Scan the records below for the line with "Надежная фиксация зубного" and the line with "- Design elegante: Composto", and retype that range exactly, both ends included, pictures excepted.

== Data to examine ==

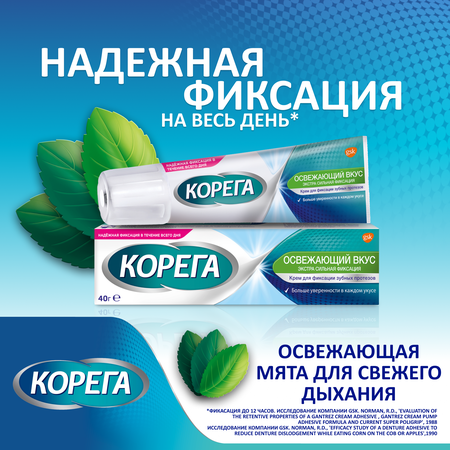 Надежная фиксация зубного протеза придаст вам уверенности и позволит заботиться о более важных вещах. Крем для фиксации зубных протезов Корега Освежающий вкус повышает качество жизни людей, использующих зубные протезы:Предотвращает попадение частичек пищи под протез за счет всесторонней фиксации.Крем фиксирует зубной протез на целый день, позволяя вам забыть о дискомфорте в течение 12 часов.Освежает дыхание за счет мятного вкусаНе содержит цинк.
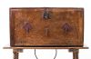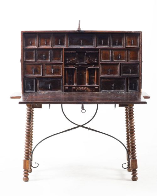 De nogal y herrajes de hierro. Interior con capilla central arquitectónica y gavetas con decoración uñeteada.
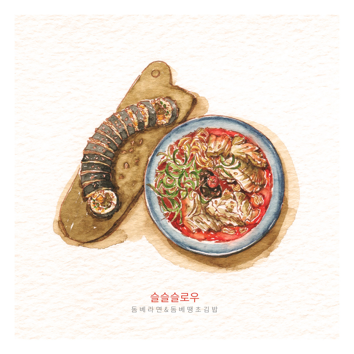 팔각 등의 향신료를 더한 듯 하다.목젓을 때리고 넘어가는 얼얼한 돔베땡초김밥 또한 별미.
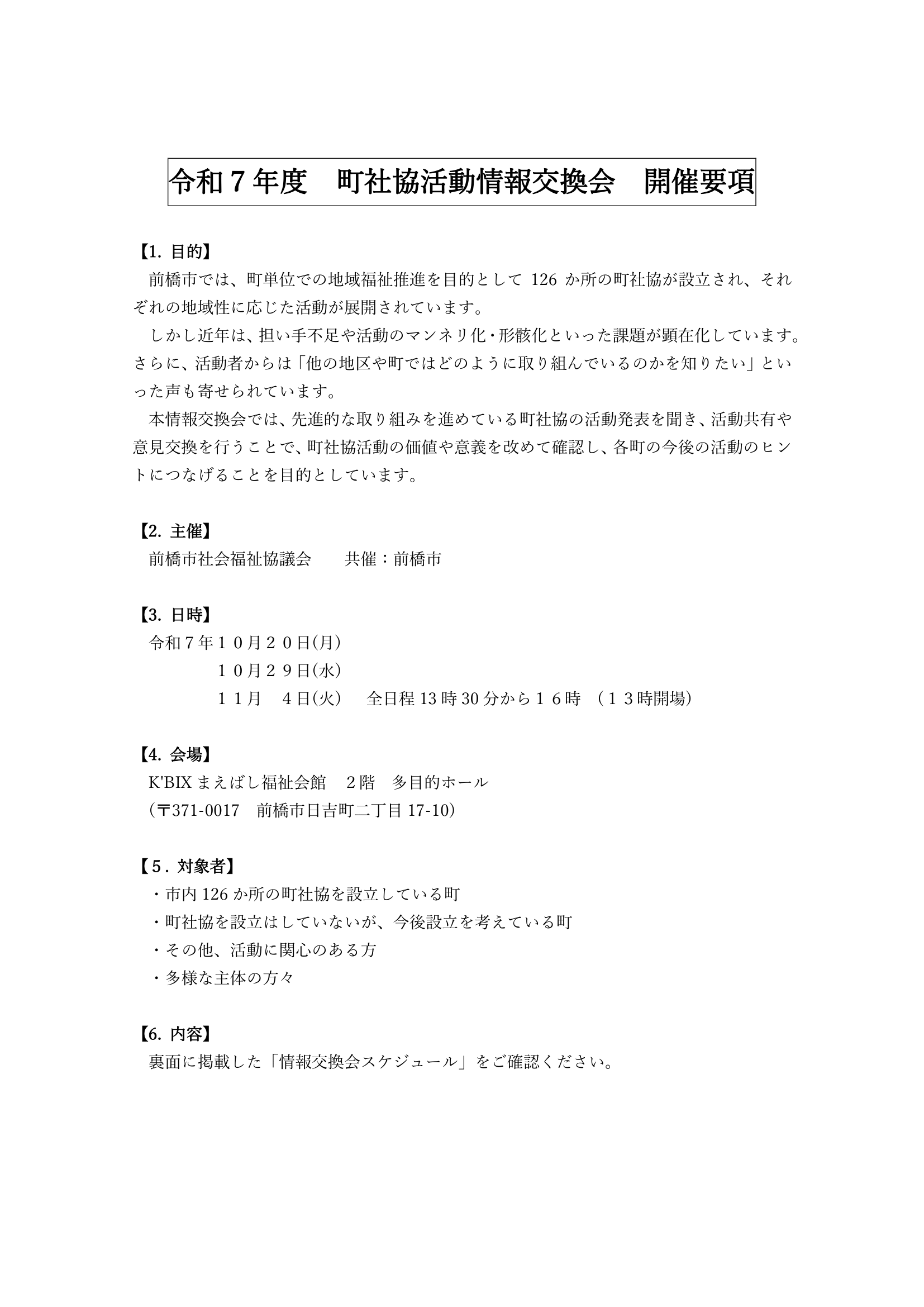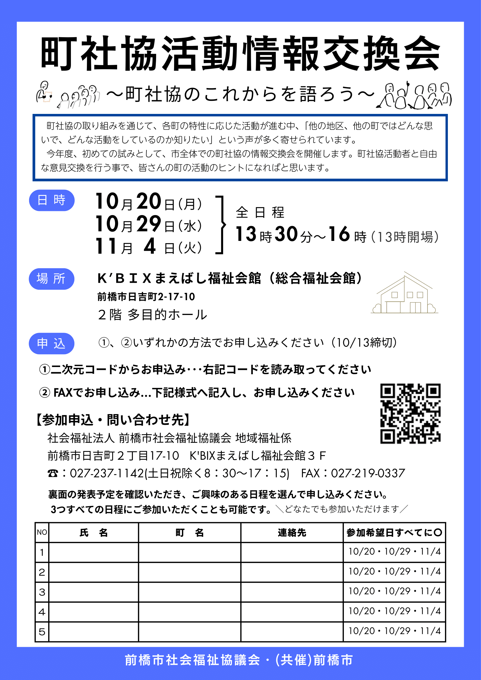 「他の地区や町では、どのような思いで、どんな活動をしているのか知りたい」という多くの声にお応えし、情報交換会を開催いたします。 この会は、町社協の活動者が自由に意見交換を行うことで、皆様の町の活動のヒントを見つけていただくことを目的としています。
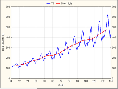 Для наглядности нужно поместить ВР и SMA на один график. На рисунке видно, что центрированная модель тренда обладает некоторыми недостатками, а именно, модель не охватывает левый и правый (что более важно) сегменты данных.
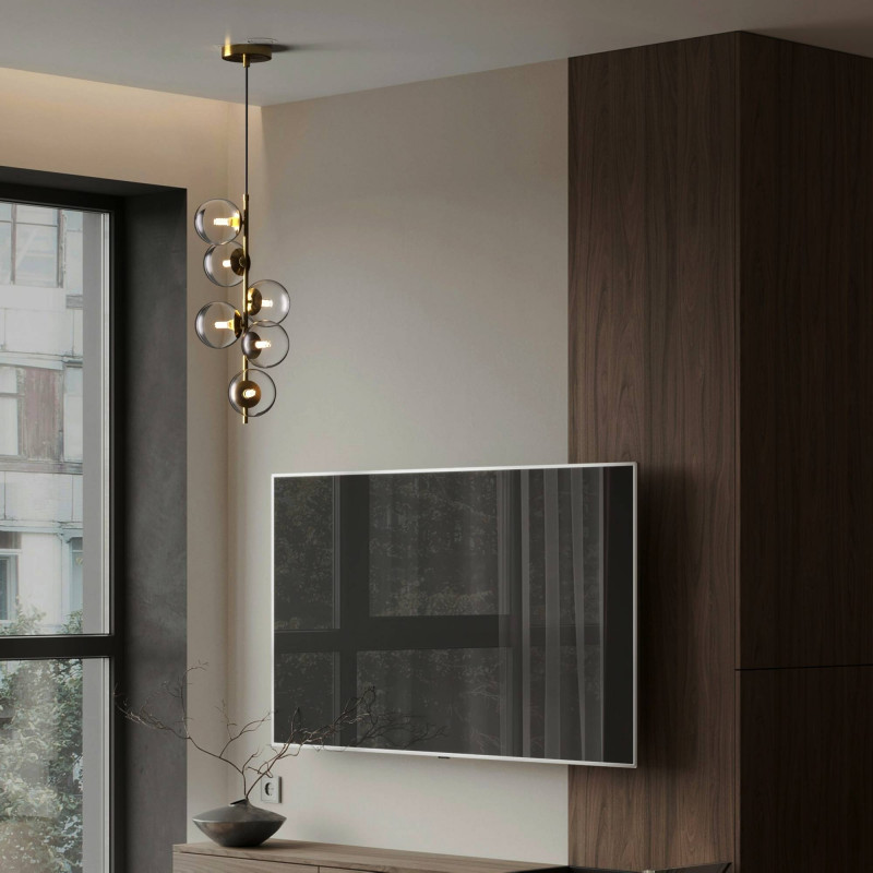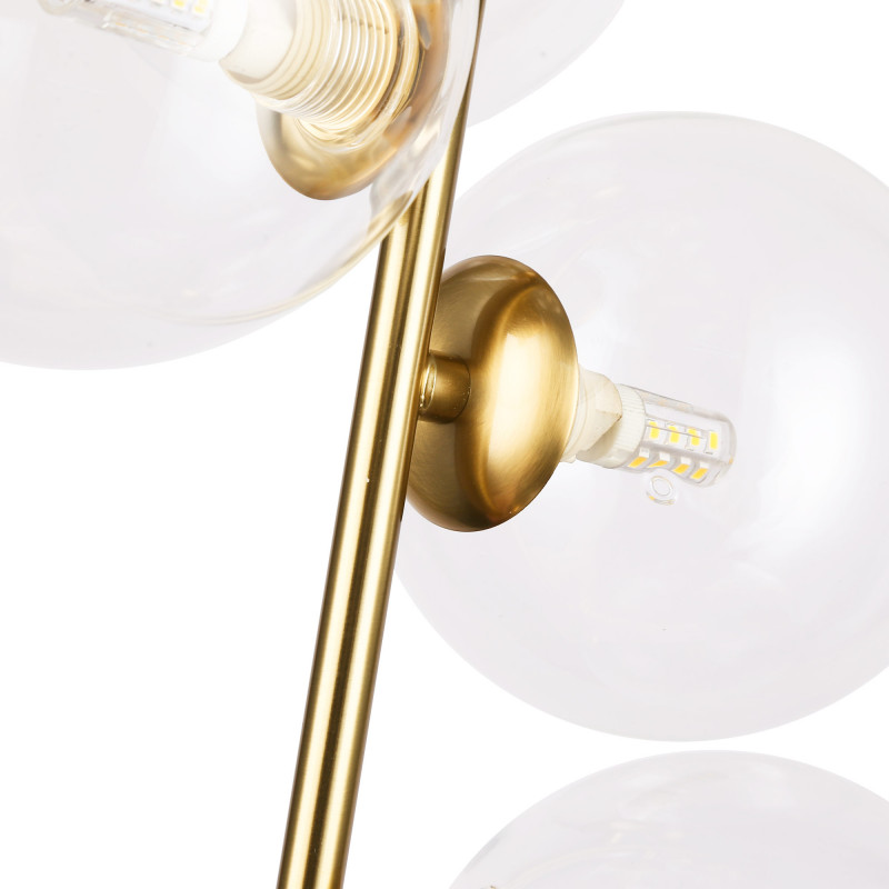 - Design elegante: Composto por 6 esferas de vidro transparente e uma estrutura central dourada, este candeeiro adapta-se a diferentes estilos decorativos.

===
== Data to examine ==

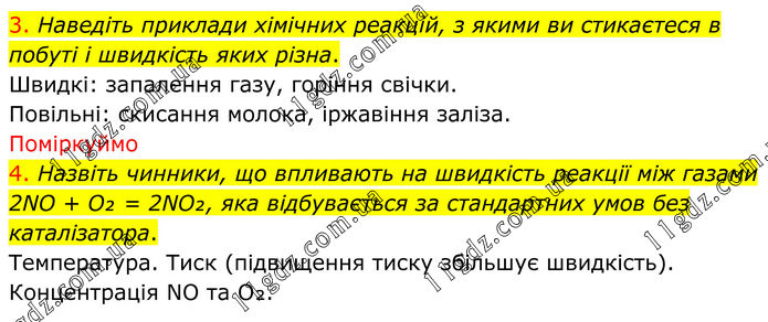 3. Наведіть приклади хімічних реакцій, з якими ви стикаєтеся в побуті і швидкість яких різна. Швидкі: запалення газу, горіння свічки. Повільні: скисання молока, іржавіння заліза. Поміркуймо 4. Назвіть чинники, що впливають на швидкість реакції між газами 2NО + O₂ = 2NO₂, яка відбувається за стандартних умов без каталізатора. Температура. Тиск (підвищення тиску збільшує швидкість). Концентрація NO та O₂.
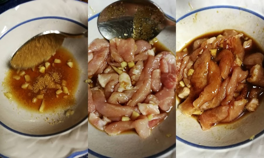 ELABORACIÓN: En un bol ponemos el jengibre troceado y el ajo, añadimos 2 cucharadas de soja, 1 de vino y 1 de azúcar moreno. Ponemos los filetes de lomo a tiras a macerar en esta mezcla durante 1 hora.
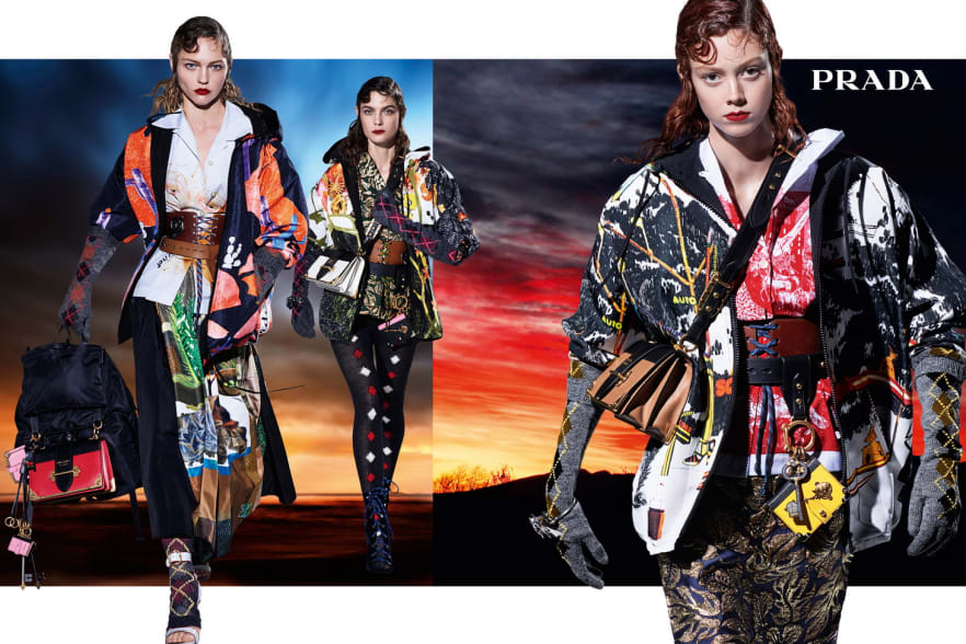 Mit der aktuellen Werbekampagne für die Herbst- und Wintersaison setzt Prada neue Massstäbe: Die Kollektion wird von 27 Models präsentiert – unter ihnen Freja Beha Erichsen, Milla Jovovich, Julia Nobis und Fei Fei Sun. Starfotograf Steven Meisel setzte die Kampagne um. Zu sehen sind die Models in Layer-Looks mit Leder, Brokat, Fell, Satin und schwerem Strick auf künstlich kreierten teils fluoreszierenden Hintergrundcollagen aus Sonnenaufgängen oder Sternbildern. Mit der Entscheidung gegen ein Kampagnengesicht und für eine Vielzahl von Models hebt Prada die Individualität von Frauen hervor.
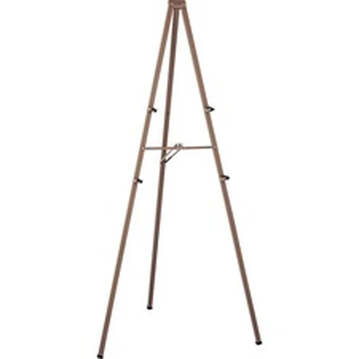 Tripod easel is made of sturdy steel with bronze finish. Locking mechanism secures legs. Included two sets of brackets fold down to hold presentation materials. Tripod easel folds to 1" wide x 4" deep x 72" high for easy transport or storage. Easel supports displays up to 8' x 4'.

===

* _Answer box_
 Надежная фиксация зубного протеза придаст вам уверенности и позволит заботиться о более важных вещах. Крем для фиксации зубных протезов Корега Освежающий вкус повышает качество жизни людей, использующих зубные протезы:Предотвращает попадение частичек пищи под протез за счет всесторонней фиксации.Крем фиксирует зубной протез на целый день, позволяя вам забыть о дискомфорте в течение 12 часов.Освежает дыхание за счет мятного вкусаНе содержит цинк.
 De nogal y herrajes de hierro. Interior con capilla central arquitectónica y gavetas con decoración uñeteada.
 팔각 등의 향신료를 더한 듯 하다.목젓을 때리고 넘어가는 얼얼한 돔베땡초김밥 또한 별미.
 「他の地区や町では、どのような思いで、どんな活動をしているのか知りたい」という多くの声にお応えし、情報交換会を開催いたします。 この会は、町社協の活動者が自由に意見交換を行うことで、皆様の町の活動のヒントを見つけていただくことを目的としています。
 Для наглядности нужно поместить ВР и SMA на один график. На рисунке видно, что центрированная модель тренда обладает некоторыми недостатками, а именно, модель не охватывает левый и правый (что более важно) сегменты данных.
 - Design elegante: Composto por 6 esferas de vidro transparente e uma estrutura central dourada, este candeeiro adapta-se a diferentes estilos decorativos.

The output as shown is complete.